Речь идет именно о том, чтобы созывать (beschwuren) духов как призраков посредством позитивного заклятия, заклинающего, чтобы призывать, а не чтобы отталкивать. Но можно ли придерживаться такого различия? Ведь если такое заклятие и кажется радушным и гостеприимным, то раз уж оно призывает мертвого, позволяет ему прийти или способствует его приходу, то оно никогда не бывает без страха. И все–таки в нем нет примеси отвращения или отталкивания. Заклятие не только характеризуется, но и непрерывно дополнительным образом определяется некоей тревожностью (на мысль о которой наводит наречие ängstlich); оно обречено на страх, коим оно и является. Заклятие есть страх, поскольку оно взывает к смерти, чтобы придумать живое и вызвать к жизни новое, чтобы способствовать присутствию того, что еще не было «здесь» (noch nicht Dagewesenes). Этот страх перед призраком — страх чисто революционный. Если смерть нависает над живым мозгом живых, а тем более — над мозгами революционеров, то она, конечно же, должна обладать какой–то призрачной плотностью. Нависать (lasten) означает в немецком языке еще и поручать, облагать налогом, вводить в долги, обвинять, назначать, давать наказ. И чем больше жизни, тем тяжелее становится призрак чужого, тем тяжелее он себя навязывает. Тем больше живой должен ему отвечать. Отвечать за мертвого, отвечать мертвому. Соответствовать посещениям призраков и объясняться с призраками без гарантии ответа и наобум. Нет ничего серьезнее и истиннее, нет ничего справедливее, чем эта фантасмагория. Призрак нависает, он мыслит, он усиливает напряжение, он сгущается внутри самой жизни, в самой что ни на есть живой жизни, в самой что ни на есть единичной (или, если угодно, индивидуальной) жизни. А значит — эта жизнь больше не имеет, и больше не должна обладать на всем своем протяжении ни чистой самотождественностью, ни гарантированным внутренним миром: вот что всевозможным философиям жизни, и даже живого или реального индивида, следовало бы хорошенько взвесить[94].

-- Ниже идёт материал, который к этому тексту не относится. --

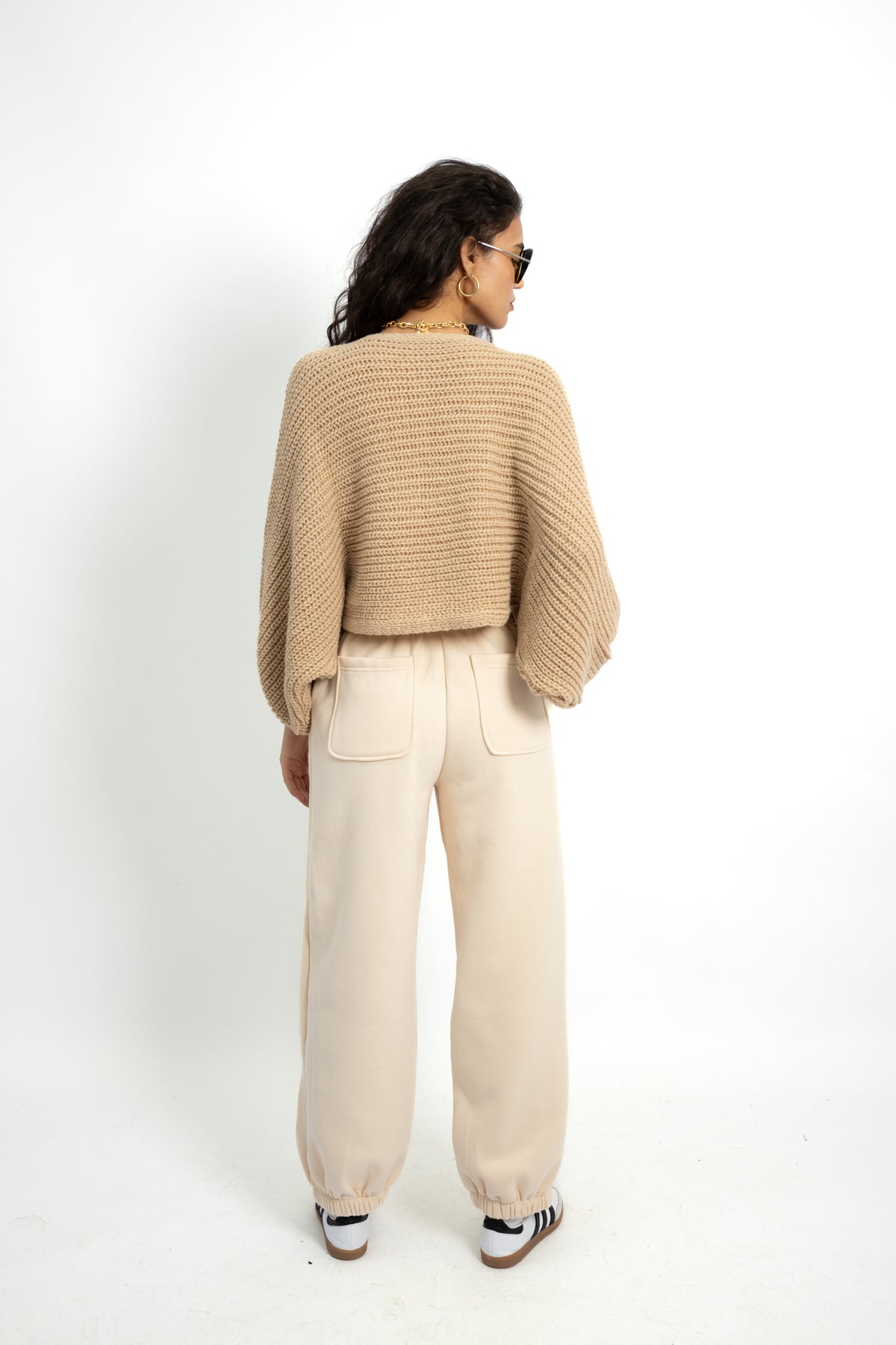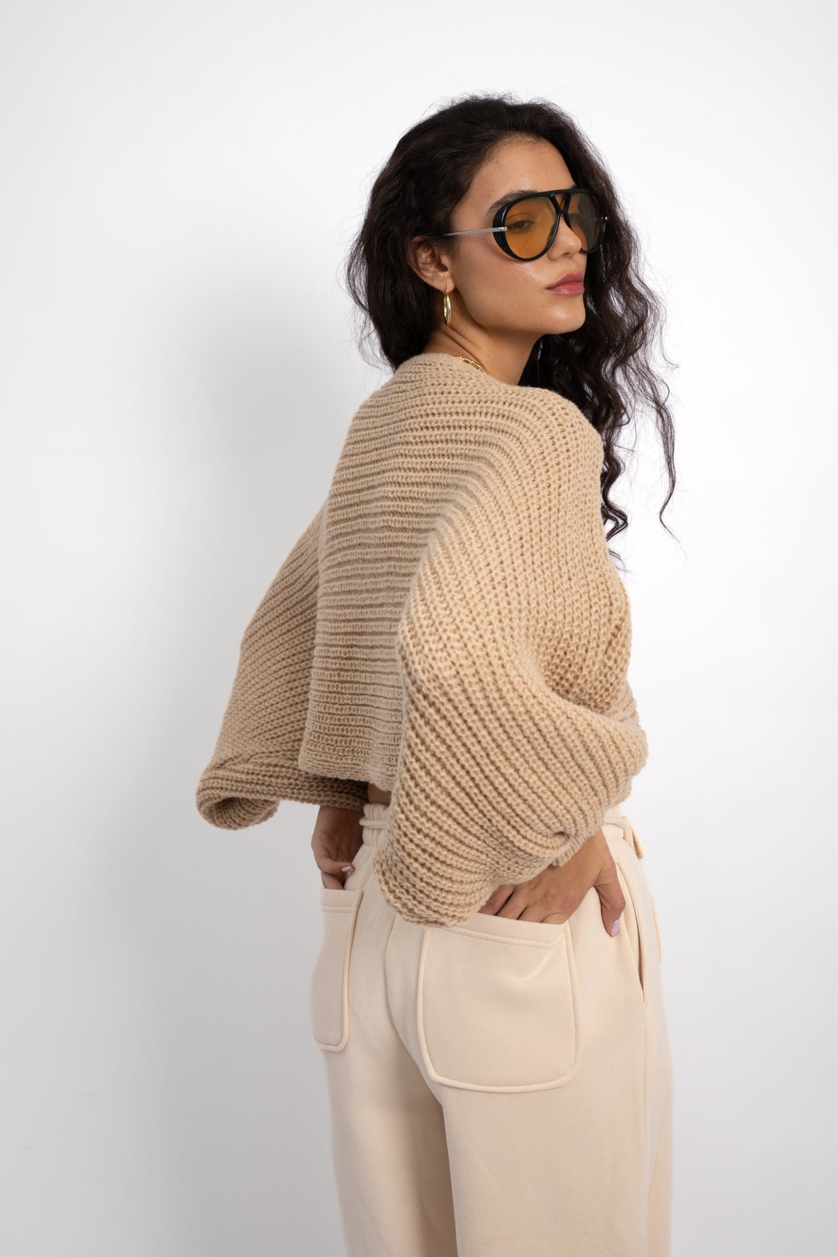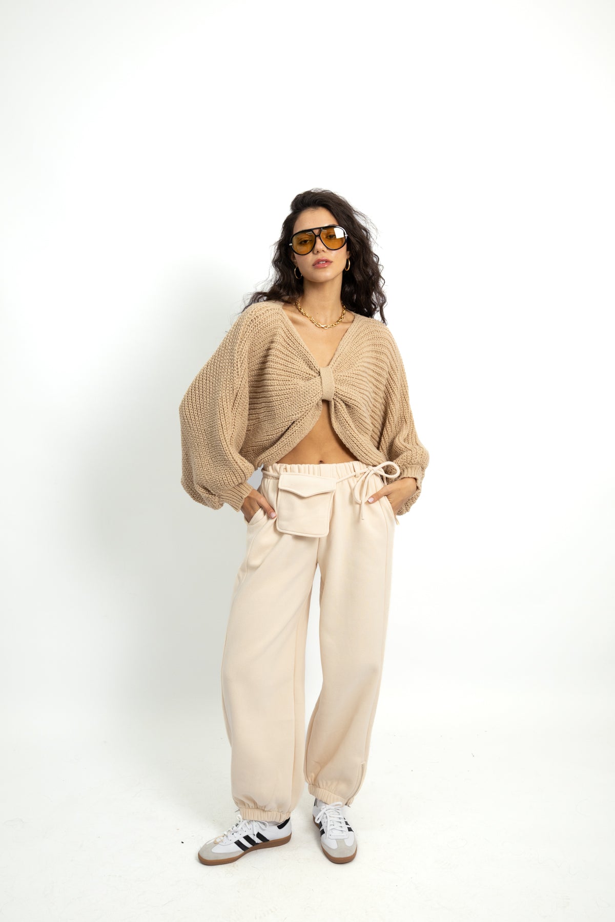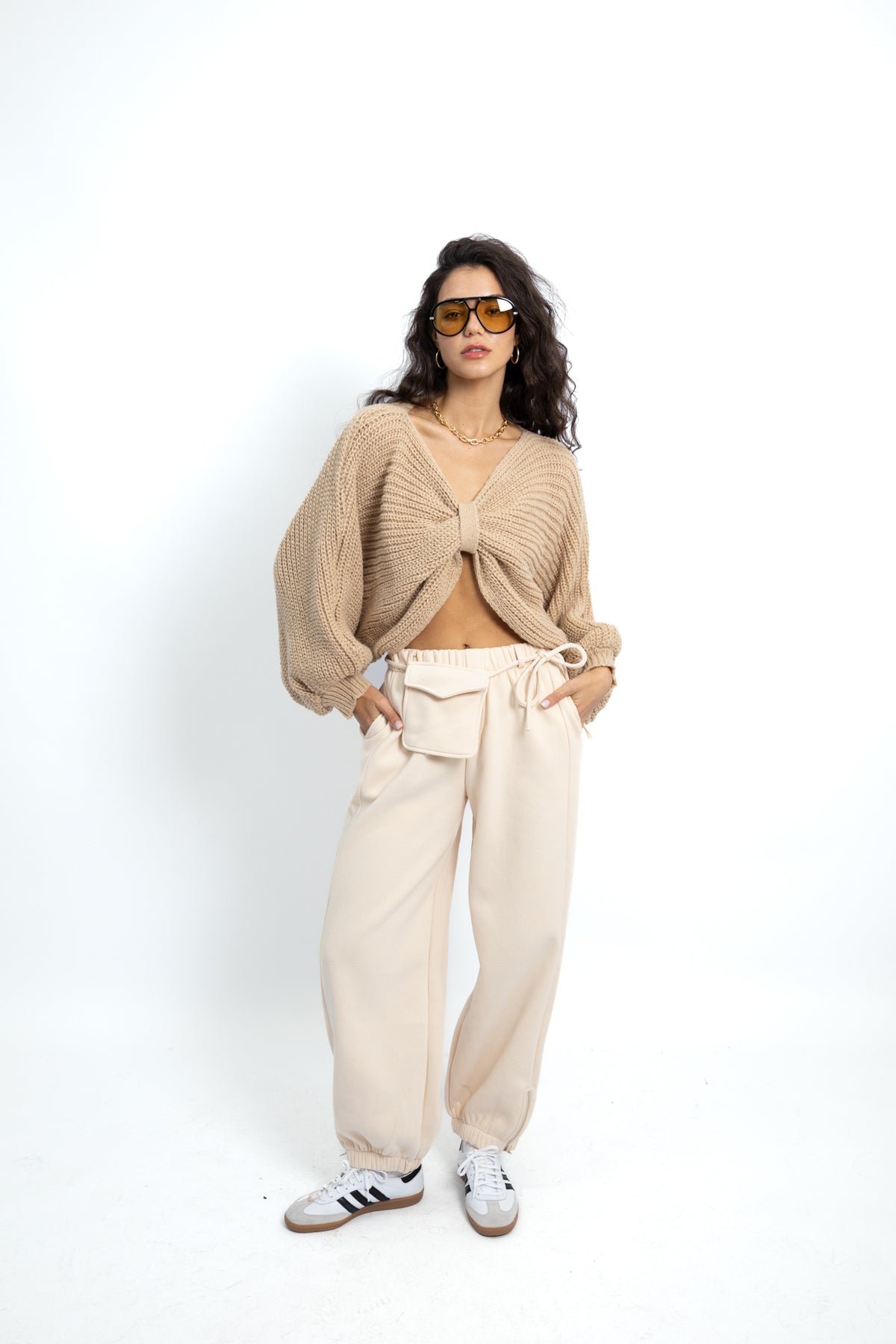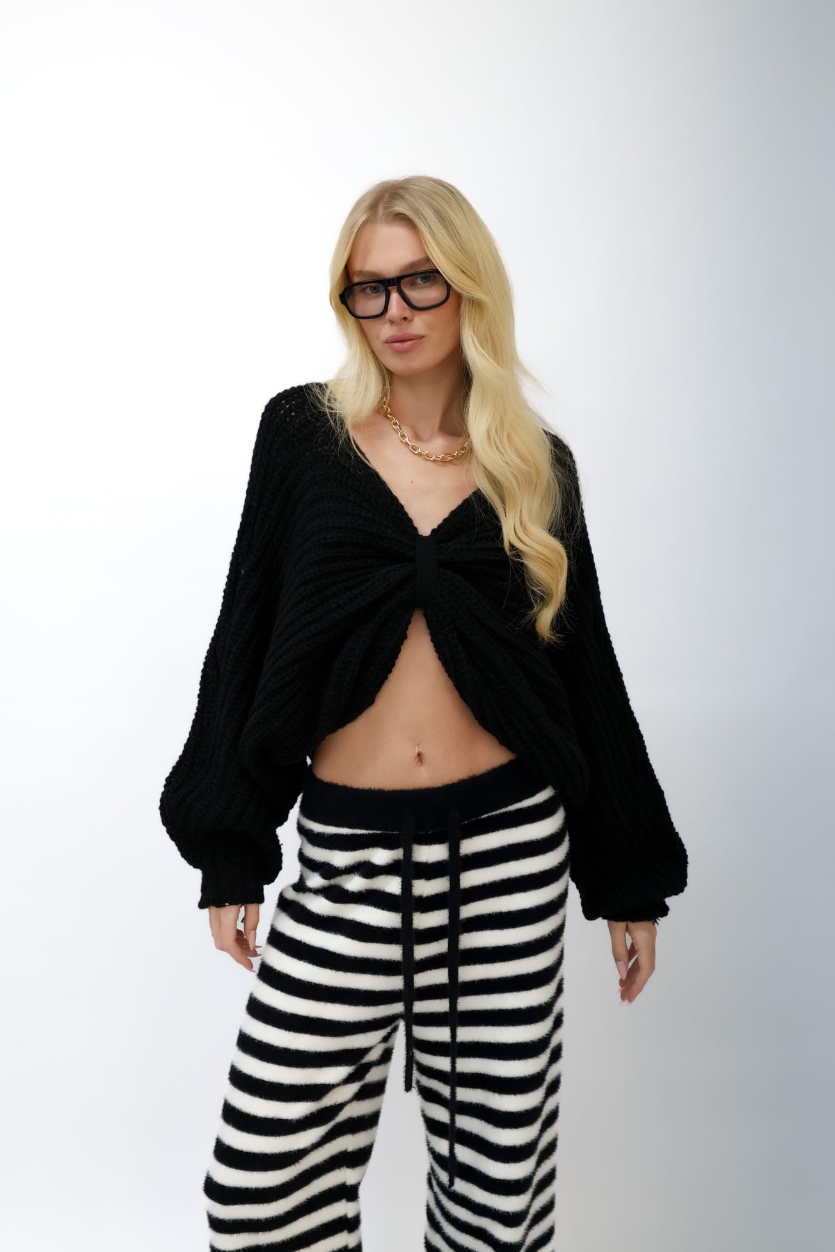 סוודר פפיון קצר במותן עם שרוולים תפוחים

Необходимо подумать о парадоксе: чем больше в революционный кризис вторгается нового, чем более кризисной становится эпоха, чем более она out of joint, тем сильнее возникает необходимость обращаться к стародавнему, «заимствовать» из него. Наследие «духов прошлого» состоит, как всегда, в заимствовании. Образы такого заимствования, образы заимствования вообще, образность как образ заимствования. И заимствование говорит: язык заимствован, имена заимствованы — говорит Маркс. Значит, это вопрос доверия или веры. Но неустойчивая и едва видимая граница проницает этот закон принимаемого на веру. Она проходит между пародией и истиной, но истиной как живым воплощением или повторением другого, она — регенерирующая способность оживлять прошлое, дух, дух прошлого, откуда происходит заимствование. Граница проходит между механическим воспроизводством призрака и столь живым, столь интериоризирующим, столь ассимилирующим усвоением наследия и «духов прошлого», что это усвоение есть не что иное, как жизнь забвения, жизнь как само забвение. И забвение родного, чтобы оживить в себе дух. Таковы слова Маркса. Таков его язык, и следующий пример его языка нельзя назвать малозначащим. Он характеризует саму стихию этих прав наследования.
«Именно так, как Лютер надел маску апостола Павла, Революция 1789—1814 гг. последовательно драпировалась сначала в костюм Римской республики, затем в костюм Римской империи, а революция 1848 г. не нашла ничего лучше, как пародировать (parodieren) то 1789 г., то революционную традицию 1793–1795 гг. Именно так когда начинающий изучать новый язык тотчас вновь переводит его на язык родной, но ему удается усвоить дух [овладеть им: hat ег sich nur angeeignet] этого нового языка и свободно воспользоваться им [производить на нем: in ihr produzieren| лишь тогда, когда ему удается двигаться в стихии этого языка, не вспоминая родной, и даже забыть этот последний[95]».